Gibbs sampling allows the statistician, no matter how complex his or her mathematical model – his or her representation of the theory under investigation – to draw simulated observations from that model’s idea of the world and to use those simulations for valid inference.
“Given this noisy, blurred MRI scan of your brain: what is the representation of your actual brain that has highest probability? Which areas are most likely affected by stroke?” – my PhD questions were identical, mutatis mutandis, to Thomas’s 1763 “PROBLEM”, and in theory could be answered by application of his theorem. Prior to Gibbs, however, this was practically impossible: afterwards, it was (almost) trivial. Suddenly, every scientific problem that had a perfect Bayesian solution in theory almost always had nearly perfect Bayesian approximate solutions in practice.

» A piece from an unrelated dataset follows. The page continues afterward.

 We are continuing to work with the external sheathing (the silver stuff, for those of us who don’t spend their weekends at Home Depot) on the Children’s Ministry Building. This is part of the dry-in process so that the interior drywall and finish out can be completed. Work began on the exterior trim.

Statistical science was rescued from its obscurity not by Fisher’s dead-end significance tests, but from a mechanical solution that made Bayes’ 1763 theorem relevant and applicable in almost any setting. Without doubt, the portrait for the new 50-pound note should be of Thomas Bayes, a truly Great Briton.

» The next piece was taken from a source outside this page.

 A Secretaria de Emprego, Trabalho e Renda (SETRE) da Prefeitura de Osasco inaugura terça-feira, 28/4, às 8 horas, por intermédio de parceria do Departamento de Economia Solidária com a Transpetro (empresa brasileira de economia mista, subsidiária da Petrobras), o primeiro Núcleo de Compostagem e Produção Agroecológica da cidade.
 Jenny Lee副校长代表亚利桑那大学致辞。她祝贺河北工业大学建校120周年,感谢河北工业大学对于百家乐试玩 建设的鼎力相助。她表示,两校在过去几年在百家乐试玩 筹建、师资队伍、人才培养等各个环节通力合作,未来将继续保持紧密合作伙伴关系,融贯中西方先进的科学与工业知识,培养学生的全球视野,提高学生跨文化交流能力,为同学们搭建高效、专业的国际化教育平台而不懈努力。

Two highly readable books by philosopher Ian Hacking also shaped my understanding of how, in his words, the “quiet statisticians have changed our world”: The Taming of Chance explains how the concept of statistical “laws” came to rival those of the physical world in terms of their impact on human affairs. And An Introduction to Probability and Inductive Logic is a great exposition of probability and the ideas of both Fisher and Bayes (and others). Probability, the language of uncertainty, is the thing that everyone (including undergraduate statisticians) thinks they “get”, until they think about it carefully and realise they don’t.
If you’d like to read more, Howson and Urbach’s Scientific Reasoning is magisterial. In the same year I wasn’t being taught Bayesian methods by Glasgow University’s statisticians, Peter Urbach’s partner, who headed the Drama department, gave me a copy of this book, and it changed my life. I recommend it to everyone; Howson and Urbach were philosophers of science, not statisticians, and it’s very readable. For completely un-mathematical friends I’ve been recommending Thinking Statistically by Uri Bram.